# Exercise
Exactly as they appear below, repeat the lines from the one with "Austen Collection is" through the one with "パンプス 「SY」シースルーギャザーベルトフラット10↑". Drop every picture.

# Dataset entries
- - - -

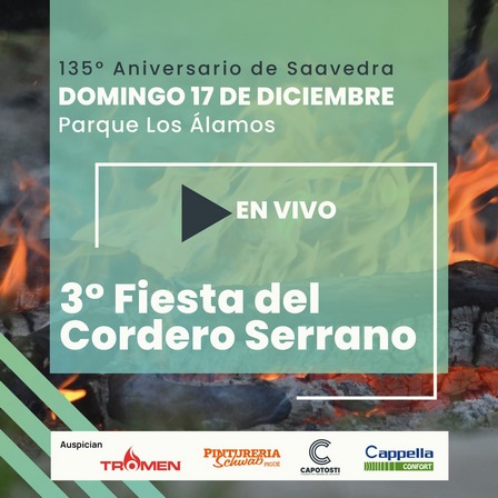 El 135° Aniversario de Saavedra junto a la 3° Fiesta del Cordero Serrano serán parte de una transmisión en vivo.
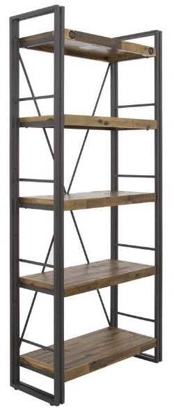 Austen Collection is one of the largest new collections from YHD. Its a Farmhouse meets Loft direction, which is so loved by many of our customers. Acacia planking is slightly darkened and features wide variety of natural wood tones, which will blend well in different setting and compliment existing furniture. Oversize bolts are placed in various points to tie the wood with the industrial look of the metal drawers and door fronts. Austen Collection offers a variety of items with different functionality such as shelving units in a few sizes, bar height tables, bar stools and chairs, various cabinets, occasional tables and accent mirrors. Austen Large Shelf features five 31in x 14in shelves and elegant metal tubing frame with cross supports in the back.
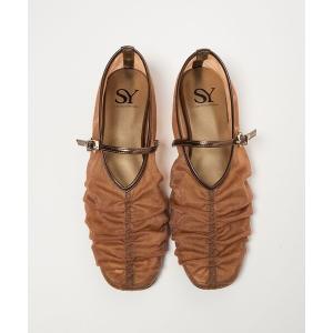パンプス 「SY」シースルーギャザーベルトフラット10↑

- - - -

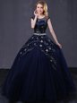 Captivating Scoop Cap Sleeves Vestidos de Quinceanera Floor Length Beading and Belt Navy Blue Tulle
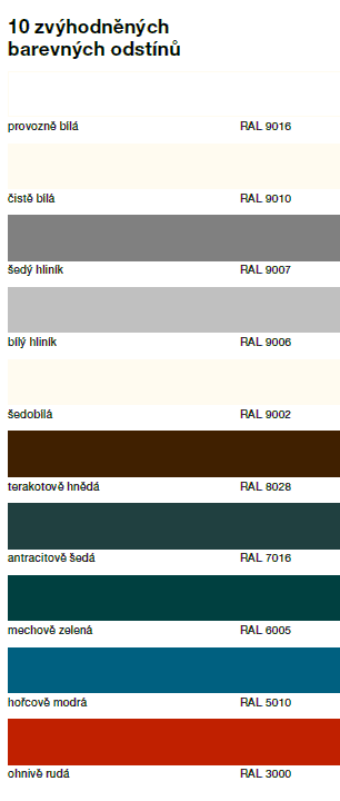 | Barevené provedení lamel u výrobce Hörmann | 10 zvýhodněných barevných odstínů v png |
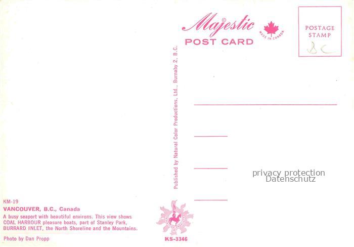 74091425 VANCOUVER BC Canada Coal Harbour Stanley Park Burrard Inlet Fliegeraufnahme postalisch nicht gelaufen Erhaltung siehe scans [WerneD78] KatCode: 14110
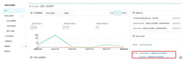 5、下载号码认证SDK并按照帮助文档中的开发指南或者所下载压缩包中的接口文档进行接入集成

- - - -

# Answer to the exercise
 Austen Collection is one of the largest new collections from YHD. Its a Farmhouse meets Loft direction, which is so loved by many of our customers. Acacia planking is slightly darkened and features wide variety of natural wood tones, which will blend well in different setting and compliment existing furniture. Oversize bolts are placed in various points to tie the wood with the industrial look of the metal drawers and door fronts. Austen Collection offers a variety of items with different functionality such as shelving units in a few sizes, bar height tables, bar stools and chairs, various cabinets, occasional tables and accent mirrors. Austen Large Shelf features five 31in x 14in shelves and elegant metal tubing frame with cross supports in the back.
パンプス 「SY」シースルーギャザーベルトフラット10↑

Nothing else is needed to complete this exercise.